An exact repetition of the data is required; no picture should appear in it.

[Opening INFORMATION SUPPLIED section]

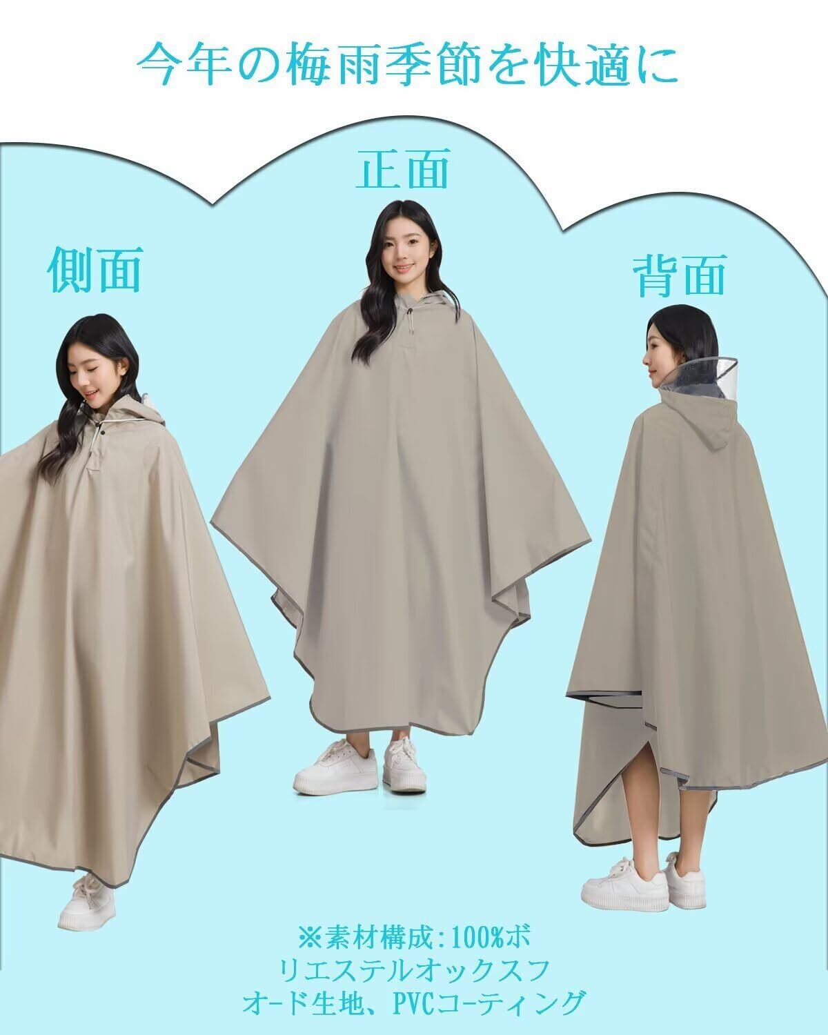 【防水素材で全天候対応】雨の日もおしゃれを諦めない!高品質ポリエステル+PU素材を使用した当店自慢のレインコートは、長年の愛用に耐える耐久性を実現。従来のレインウェアとは一線を画す、機能性とデザイン性の融合で、雨の日も特別な気分に。
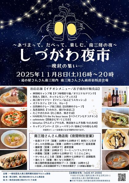 宮城県南三陸町の「道の駅さんさん南三陸」内にある南三陸さんさん商店街特設会場で、2025年11月8日(土)に「しづがわ夜市~晩秋の集い~」が開催されます。
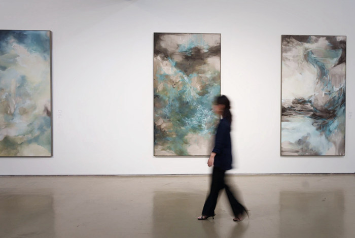 《浮·世》系列是張蒙剛回國期間的內心寫照,環境與身份的轉變使她有些無所適從,而創作是她的治愈方式,作品是其內心的反饋,也使她得到平靜。這個系列依然延續了她在“自然景觀”這一主題上的創作,不同的是,她開始探尋抽象畫面中的具象表達。
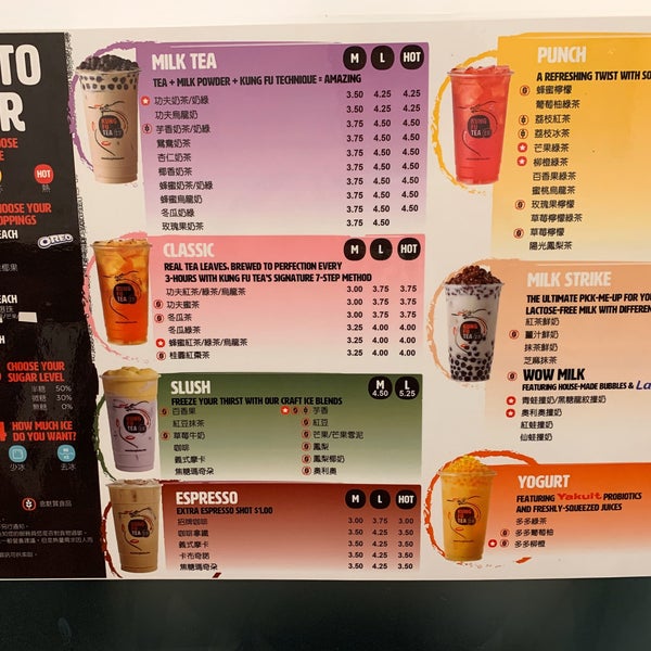 Menu Kung Fu Tea Fresh Innovative Fearless Leading Tea Brand

[Closing INFORMATION SUPPLIED section]

● **RESULT OF THIS TASK**
 【防水素材で全天候対応】雨の日もおしゃれを諦めない!高品質ポリエステル+PU素材を使用した当店自慢のレインコートは、長年の愛用に耐える耐久性を実現。従来のレインウェアとは一線を画す、機能性とデザイン性の融合で、雨の日も特別な気分に。
 宮城県南三陸町の「道の駅さんさん南三陸」内にある南三陸さんさん商店街特設会場で、2025年11月8日(土)に「しづがわ夜市~晩秋の集い~」が開催されます。
 《浮·世》系列是張蒙剛回國期間的內心寫照,環境與身份的轉變使她有些無所適從,而創作是她的治愈方式,作品是其內心的反饋,也使她得到平靜。這個系列依然延續了她在“自然景觀”這一主題上的創作,不同的是,她開始探尋抽象畫面中的具象表達。
 Menu Kung Fu Tea Fresh Innovative Fearless Leading Tea Brand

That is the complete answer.